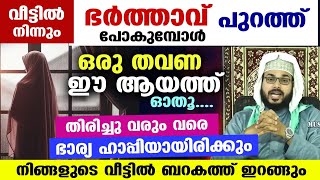 വീട്ടിൽ നിന്ന് ഭർത്താവ് പുറത്തു പോകുമ്പോൾ ഈ ആയത്ത് ഓതു..തിരിച്ചുവരും വരെ ഭാര്യ ഹാപ്പിയാകും RAMADAN
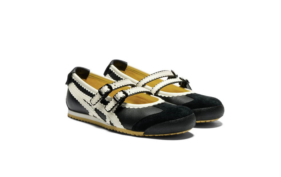 A pak je tu ještě jeden trend, který připomíná tenisky už jen vzdáleně. Představte si boty typu Mary Jane, ale s teniskovým vzhledem. S páskem přes nárt, ale sportovní podrážkou, možná třemi pruhy na stranách. Konkrétní modely? Onitsuka Tiger Mexico 66, Nike Air Rift nebo Adidas Samba Jane.
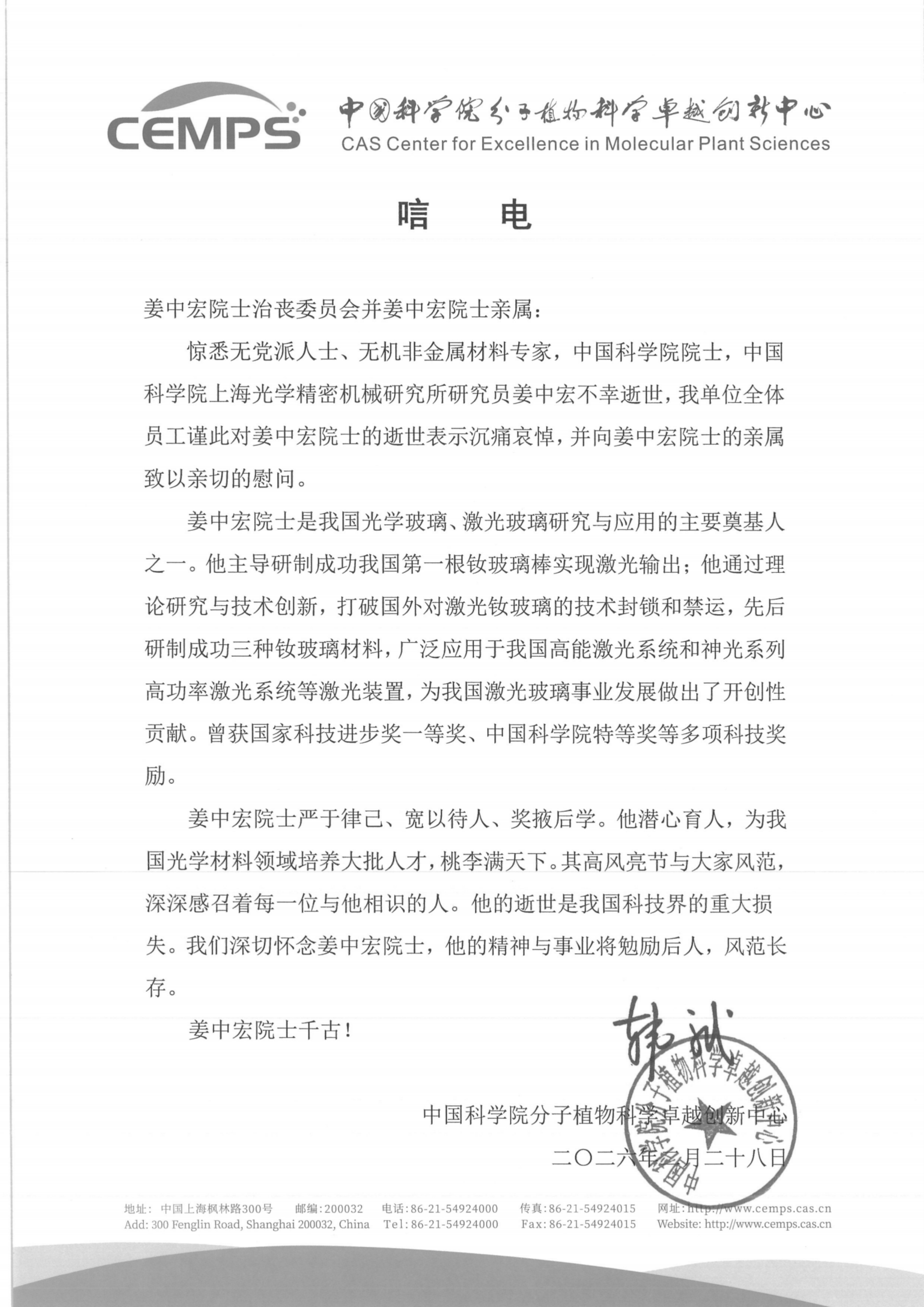 中国科学院分子植物科学卓越创新中心 唁电

# Problem description
Without any of its pictures, the listing is to be repeated exactly as it stands.

# Solution for this problem
 വീട്ടിൽ നിന്ന് ഭർത്താവ് പുറത്തു പോകുമ്പോൾ ഈ ആയത്ത് ഓതു..തിരിച്ചുവരും വരെ ഭാര്യ ഹാപ്പിയാകും RAMADAN
 A pak je tu ještě jeden trend, který připomíná tenisky už jen vzdáleně. Představte si boty typu Mary Jane, ale s teniskovým vzhledem. S páskem přes nárt, ale sportovní podrážkou, možná třemi pruhy na stranách. Konkrétní modely? Onitsuka Tiger Mexico 66, Nike Air Rift nebo Adidas Samba Jane.
 中国科学院分子植物科学卓越创新中心 唁电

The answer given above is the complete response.